Robert Mundell passed away on 4 April 2021, and the world lost one of the great titans of economics. Widely considered the greatest macro economist of the second half of the last century, in the generation after John Maynard Keynes, Mundell was in rarefied terrain. Indeed, the only other credible contender for this title would be the late Milton Friedman, who was his colleague at the University of Chicago when Mundell taught there during the late 1960s. Mundell was awarded the Nobel Prize in economics in 1999, timed to coincide with the launch of the European common currency. The timing was apposite, as, among many other accomplishments, he is rightly credited as the intellectual godfather of the euro.
Readers of this column over the last half-dozen years or so will be aware of the vital role that Bob (as all of us, his students and friends, called him) played in my life, as well as the seminal importance of his research that spanned more than a half-century. Readers may also be interested in my appreciation for the National Post, a leading Canadian daily, ‘Economics loses a Wunderkind and prophet’ (8 April 2021), which elucidates how Bob’s Canadian-ness was central to his work on macroeconomic analysis in an open economy.
Here, let me comment on the intellectual lineage of some of Mundell’s work. His connection to Keynes is quite direct, mediated through his disciple, James Meade, whom Bob got to know during a stint as a visiting doctoral student at the London School of Economics in the late 1950s. He also became acquainted with the important work of Sir John Hicks, himself a future Nobel laureate, who synthesized the main message of Keynes’ General Theory of Employment, Interest and Money as a description of the short-run with classical economic theory, which better described the long-run. Indeed, the celebrated Mundell-Fleming model, which, despite all the technical developments in recent decades, remains the basic toolbox used by economists to understand macroeconomic policy management in an open economy, and is an extension to the open economy of Hicks’ closed economy IS-LM model.
The fact that Bob was born and spent his formative early years in Canada is not incidental to his accomplishments. As one of the few countries to experiment with flexible exchange rates and relatively open capital markets during the Bretton Woods years, the country was a laboratory for open-economy macroeconomics much before such arrangements became the norm.
The other aspect of Mundell’s intellectual development was his turn away from Keynes and move back toward the classics, starting around the early 1970s. In private correspondence, Martin Wolf, chief economics commentator of the Financial Times, has speculated that the final collapse of the Bretton Woods international monetary system, triggered by then US president Richard Nixon’s closing of the gold window in 1971, might have been a reason.

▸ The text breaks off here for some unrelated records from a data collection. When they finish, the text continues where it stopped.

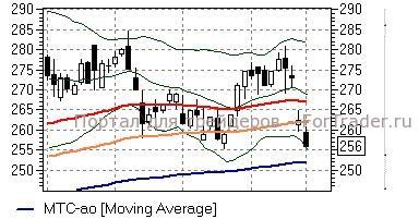 МТС (-2,42%) – акции на прошлой неделе опустились ниже средней полосы Боллинжера дневного графика (269,5 руб) и также преодолели ряд «долгих» скользящих средних, стремясь в район последней – EMA200 (252 руб), достижения которой в целом не исключают технические индикаторы. На данный момент лучше воздержаться от открытия по бумагам «длинных» позиций, а сыграть наверх можно будет в район отметки 252 руб при наличии положительных фундаментальных сигналов.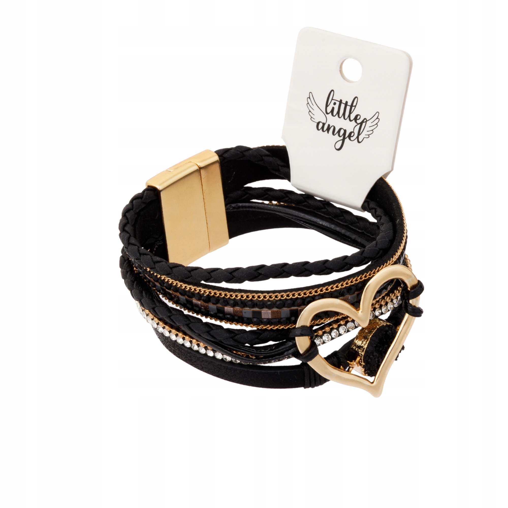 Podkreśl swoją kobiecość i styl! Ta elegancka czarna bransoletka od Little Angel to modny dodatek, który łączy w sobie plecioną skórę ekologiczną, połyskujące kryształki oraz złote serce – symbol miłości i subtelnej elegancji.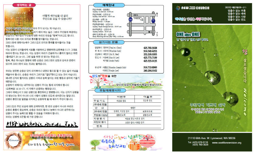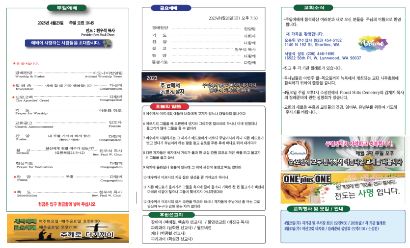 2023년4월23일 주보안내 페이지 정보 작성자 뉴비전교회 조회 384회 작성일 23-04-23 07:08 목록 본문 2023년4월23일 주보안내 이전글2023년4월30일 주보안내 23.04.30 다음글2023년4월16일 주보안내 23.04.23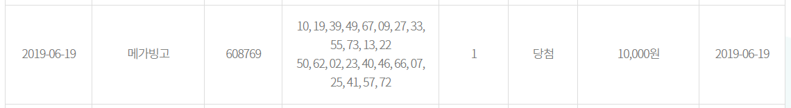 메가빙고에 당첨이 되어서 1만원을 얻었네요!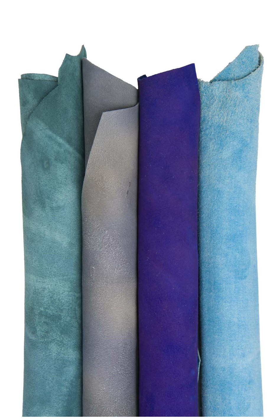 Incredibile lotto di 4 pelli vintage scamosciate, pellami camoscio super morbidi sfumati effetto tie dye

There is, in a sense, an interesting parallel with Friedman, who, while retaining elements of Keynesian thinking, stressed, starting in the late 1960s, that policymakers could not exploit the putative relationship between inflation and unemployment—known as the Phillips curve, and itself deriving from Hicks’ IS-LM curve—over the long run. Friedman anticipated the ‘stagflation’ (a combination of a recession and high inflation) crisis of the 1970s.
As it happens, both Mundell and Friedman have become associated with the shift in economic policies undertaken by US president Ronald Reagan, albeit in different ways. While Friedman’s libertarian background—he was, after all, a founding member of the Mont Pelerin Society, first convened in 1947 by arch-libertarian economist and philosopher Friedrich von Hayek—provided intellectual support for Reagan’s deregulatory drive that aimed to restore primacy of place to private entrepreneurship as a driver of economic growth, Mundell’s link was much more direct. As elaborated in a recent piece in The New Republic by columnist Bruce Bartlett (‘Remembering the Father of Supply-Side Economics’, 7 April 2021), who was on the scene in the 1970s, Mundell emerges as the intellectual godfather of what would be called ‘supply side economics’, or ‘Reaganomics’, abetted by the popularizing efforts of his disciple Arthur Laffer of the eponymous curve fame.
The policy mix that Reagan pursued—tax cuts, not just intended as demand stimulus but as a supply-side push for productivity gain and long-term growth, and tight monetary policy to curb inflation, put into effect by Federal Reserve chief Paul Volcker—was exactly what Mundell had been calling for throughout the 1970s. This policy mix was incongruous with conventional Keynesian thinking, by which fiscal and monetary policy are both loosened or tightened together, and reflected Mundell’s thinking that fiscal and monetary policy each had a distinct role to play in macroeconomic policy management, and were not substitutes, as in conventional Keynesian thinking.
All told, in their power as much as prescience, the ideas of Bob Mundell (1932—2021) remain among the most important in the history of economic thought and policy.